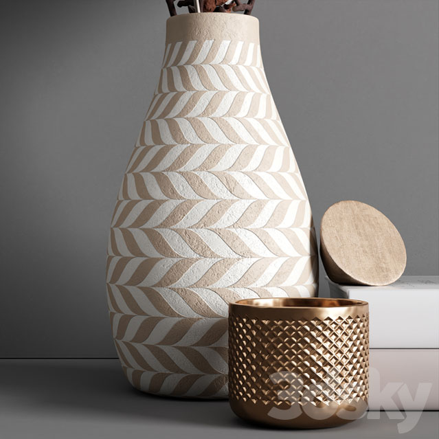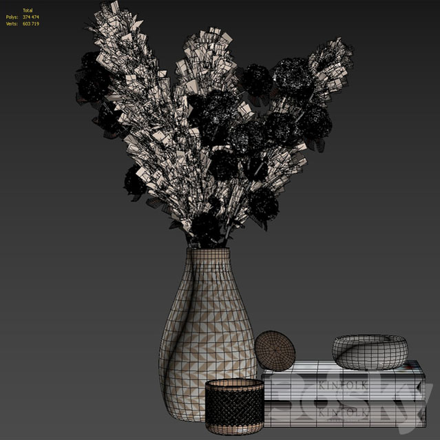 书本和花瓶里的棉花装饰品素材之家精选3D模型
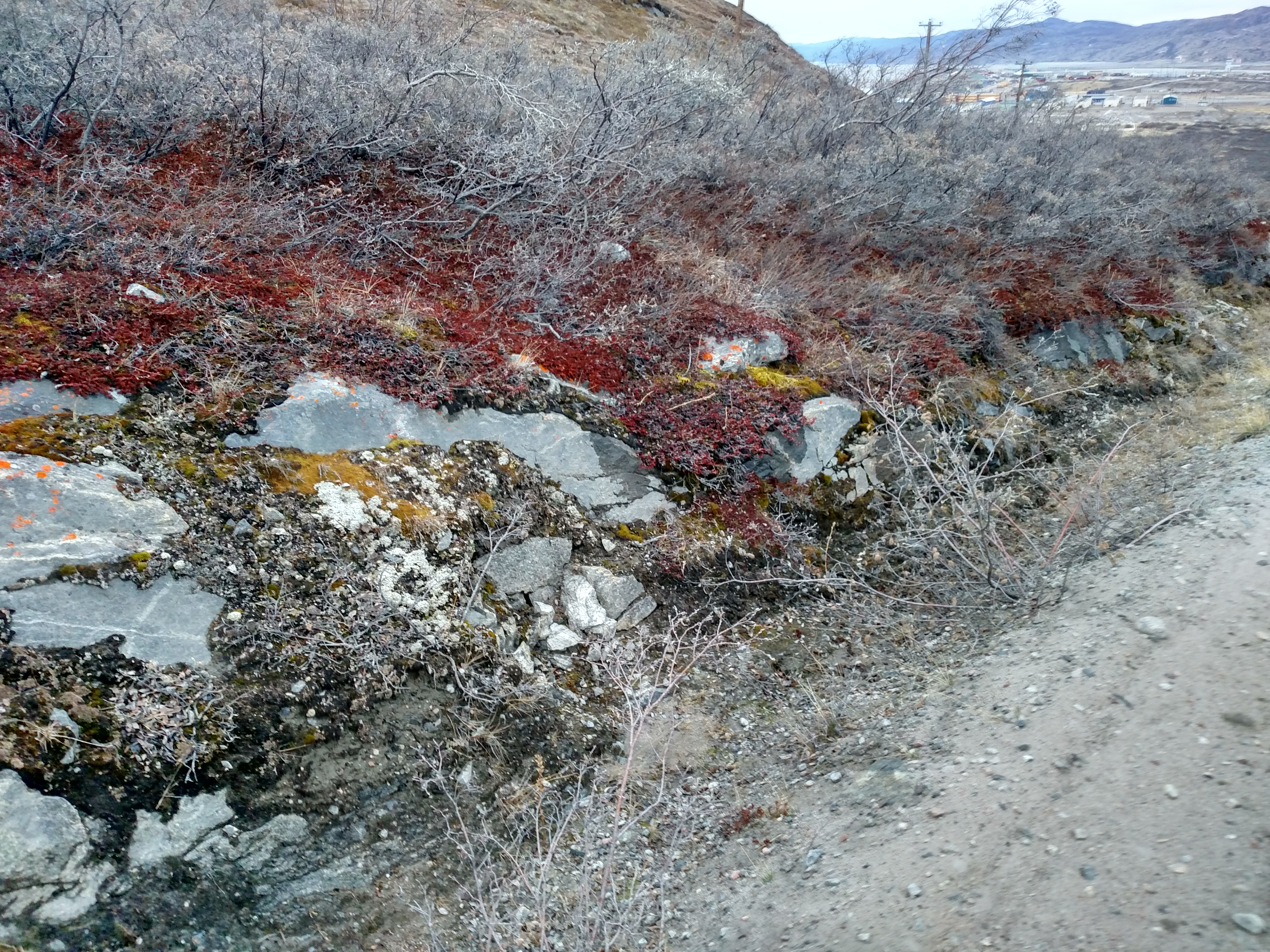As the Arctic enters its warm season, colorful low vegetation blooms on the edge of Kangerlussuaq, Greenland.
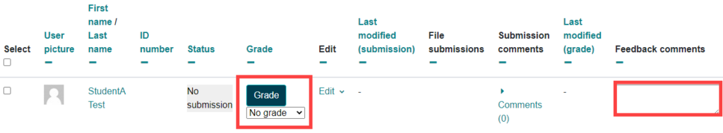 - Scroll back up to the top of the page. Now you can view each student assignment here and under the grade column for each student, select the dropdown to choose the grade you would like for each of them or type in a score. You can also add feedback here in the feedback comments column.
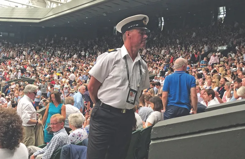 Centre Court are 15.000 de locuri. În culisele de la ultimul etaj parcă ai fi la operă: perdele de catifea acoperă accesul în tribune pentru a estompa zgomotul și a nu deranja publicul. La pauzele dintre ghemuri, totul se petrece cu maximă repeziciune, fiindcă plasatorii, militari de profesie, detașați din British Army, Royal Air Force și Royal Navy, sunt prezenți peste tot și știu exact unde mai sunt locuri disponibile.
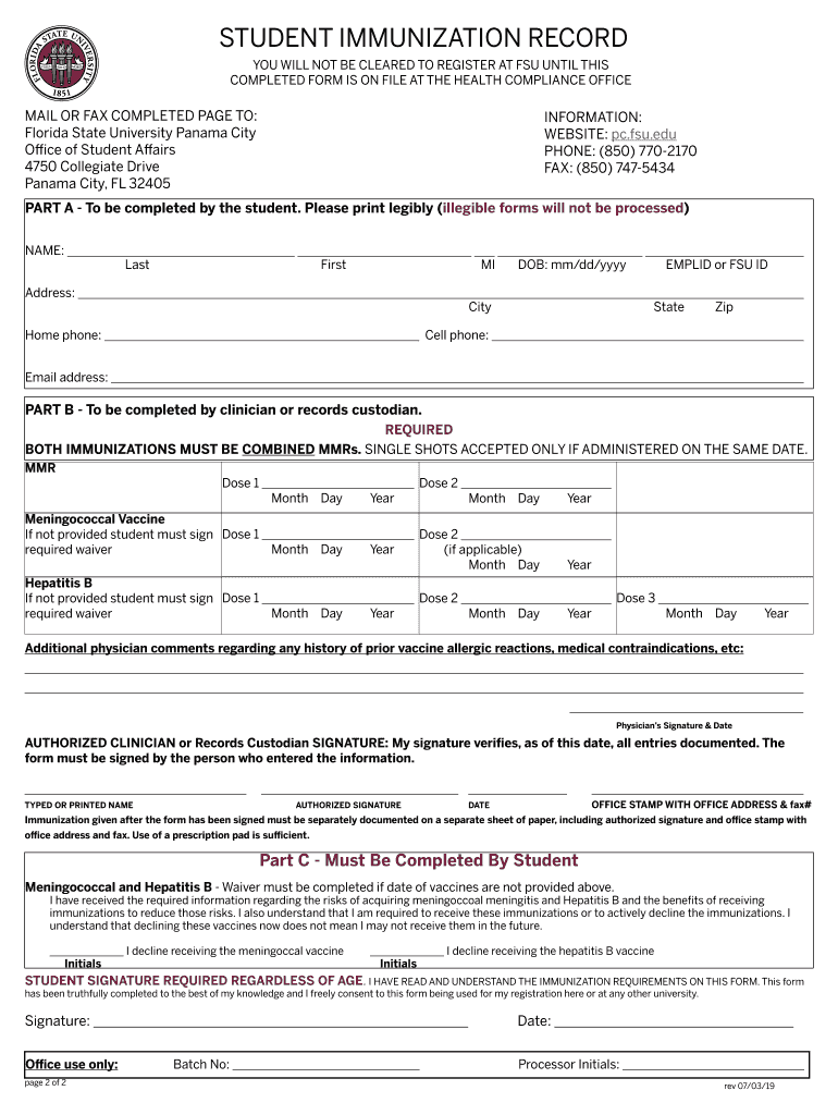 Get the free Immunization Forms - Fordham University - pc fsu
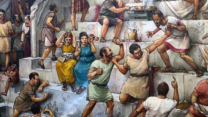 Вот тут-то и начинается та самая, веселая столичная жизнь. Удалая компания юных мастеров кисти. Щегольски одетая, при шпагах и что главное, при деньгах. Ночные рейды под винными парами. По римским закоулкам, окраинам и притонам. Выпивка, женщины с пониженной социальной ответственностью, азартные игры, драки, дуэли...
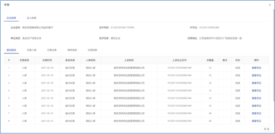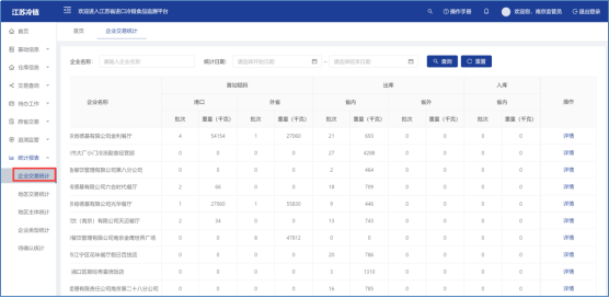 点击右侧【详情】按钮可以查看该企业的详细出入库详细和首站赋码详细。
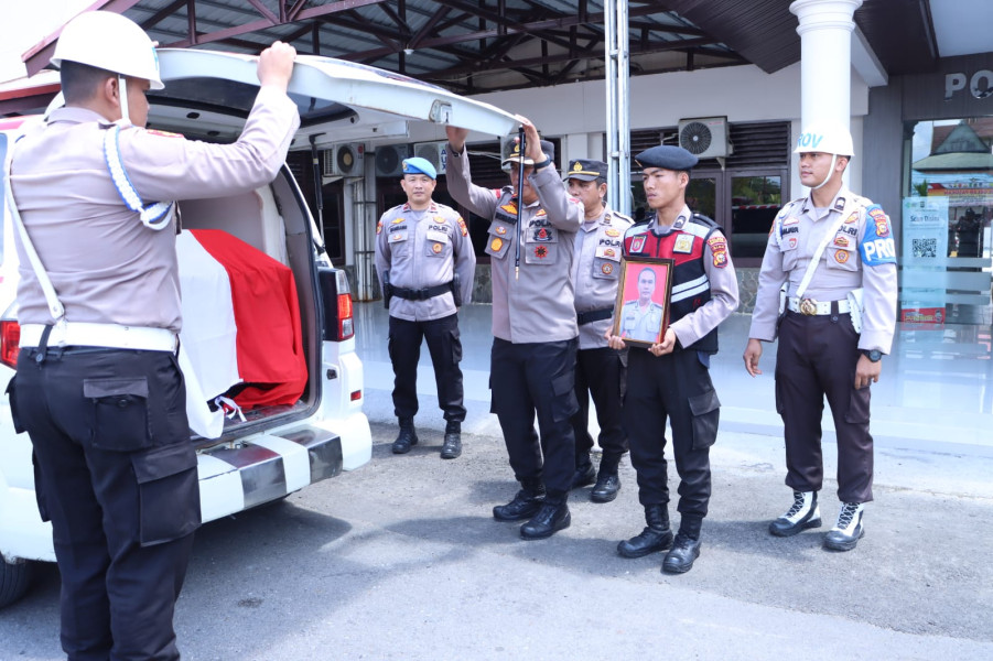 Kapolres Inhil AKBP Norhayat menyampaikan rasa duka yang mendalam atas kepergian salah satu anggotanya, dan mendoakan pihak keluarga agar tetap tabah dan mengikhlaskan kepergian almarhum.

══════

» **Exercise**: Leave out all pictures, then copy the remaining material exactly.

» **Solution for this task**:
 书本和花瓶里的棉花装饰品素材之家精选3D模型
As the Arctic enters its warm season, colorful low vegetation blooms on the edge of Kangerlussuaq, Greenland.
 - Scroll back up to the top of the page. Now you can view each student assignment here and under the grade column for each student, select the dropdown to choose the grade you would like for each of them or type in a score. You can also add feedback here in the feedback comments column.
 Centre Court are 15.000 de locuri. În culisele de la ultimul etaj parcă ai fi la operă: perdele de catifea acoperă accesul în tribune pentru a estompa zgomotul și a nu deranja publicul. La pauzele dintre ghemuri, totul se petrece cu maximă repeziciune, fiindcă plasatorii, militari de profesie, detașați din British Army, Royal Air Force și Royal Navy, sunt prezenți peste tot și știu exact unde mai sunt locuri disponibile.
 Get the free Immunization Forms - Fordham University - pc fsu
 Вот тут-то и начинается та самая, веселая столичная жизнь. Удалая компания юных мастеров кисти. Щегольски одетая, при шпагах и что главное, при деньгах. Ночные рейды под винными парами. По римским закоулкам, окраинам и притонам. Выпивка, женщины с пониженной социальной ответственностью, азартные игры, драки, дуэли...
 点击右侧【详情】按钮可以查看该企业的详细出入库详细和首站赋码详细。
 Kapolres Inhil AKBP Norhayat menyampaikan rasa duka yang mendalam atas kepergian salah satu anggotanya, dan mendoakan pihak keluarga agar tetap tabah dan mengikhlaskan kepergian almarhum.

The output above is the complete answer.